Microsoft guided for a material sequential increase in capital expenditures in the prior FY1Q24 quarter.
That said, the FY2Q24 capital expenditures came in only at $11.5 billion, falling short from the $11.2 billion capital expenditures in FY1Q24.
The lower than expected capital expenditures in FY2Q24 was due to the shifting of the delivery for a third-party capacity contract from FY2Q24 to FY3Q24.
To me, this means that it relates to accessing infrastructure capacity and not GPU or other components from suppliers, and thus, leads me to conclude that the delay may have been related to access to some owned or leased data center facility.
The reason I explain this in detail is because a shortfall in capex can be viewed as a negative signal of future AI demand. That said, the strong 6-point contribution to Azure growth in FY2Q24, along with the description of a modest and temporary shortfall suggests to me that there is unlikely to be any negative implications on AI workload demand.
For FY2Q24, Microsoft expects capital expenditures to increase materially sequentially in FY3Q24.
This is, as expected, driven by its investments in cloud and AI infrastructure along with the delivery for a third-party capacity contract mentioned earlier.
Office 365 comes in in-line
Microsoft’s Office 365 segment was in-line, with FY2Q24 growing 16% constant currency growth and guidance for 15% growth in FY3Q24.
That said, we did not get additional disclosures or mentions about Copilot revenue contribution to the Office 365 segment in FY2Q24.
Management did comment that Microsoft 365 Copilot has seen a stronger early uptake than any of the E3/E5 SKUs, which I think is encouraging. In addition, management commented that it remains early days for Microsoft 365 Copilot, and the team is also optimistic about the adoption it has seen thus far and expect revenues to grow with time.
For reference, Copilot will need to add $100 million in FY3Q24 revenues to drive a 1-point lift to the Office 365 growth for the next quarter.
For FY3Q24, the guidance is for the Office 365 growth to decelerate by 1-point.
This does suggest that despite the positive commentary on the early uptake, that copilot revenues are slow to ramp.
Valuation
Price targets
My 1-year and 3-year price targets are thus based on a 30x P/E multiple.
I think that this is a reasonable valuation multiple to be applied given that this is somewhat in-line with its average P/E multiple since 2018, while still highlighting the quality and strength of its business model and competitive advantages that it has.

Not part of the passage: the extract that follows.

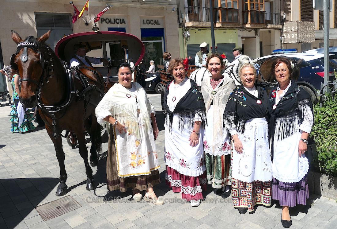 En esa 'plaza del Lago' es a donde han llegado cerca de una decena de carruajes del Club Enganche Cartagena 'Auriga' para iniciar su recorrido por la ciudad, potenciando el ambiente de esta jornada.

With that, my 1-year and 3-year price targets are $406 and $525, respectively.
Intrinsic value
I roll forward my Microsoft forecasts by another calendar year to 2028.
Similarly, I used the same assumptions as before, including a terminal 2027 27x P/E and cost of equity of 11%.
Take note that I applied a discount to the 2027 terminal multiple given we never really know what will happen in 2027 and whether Microsoft can continue to support its average P/E ratio of 33x till then.
As such, my intrinsic value goes up to $355.
Conclusion
This was a somewhat mixed to mildly positive quarter for Microsoft Corporation.
The AI side of things was positive given the 6-points boost in Azure growth from AI workloads.
Also, the rise in operating margins for the full year was also a positive surprise.
That said, the deceleration in non-AI Azure growth by 3-points, along with no concrete evidence of ramp in Copilot to life Office growth and the lower-than-expected capex were things that made the quarter mixed.
The current narrative around AI and Microsoft’s success around the area will likely sustain its valuation in the near term until we look for more catalysts.
Analyst’s Disclosure: I/we have no stock, option or similar derivative position in any of the companies mentioned, and no plans to initiate any such positions within the next 72 hours. I wrote this article myself, and it expresses my own opinions. I am not receiving compensation for it (other than from Seeking Alpha). I have no business relationship with any company whose stock is mentioned in this article.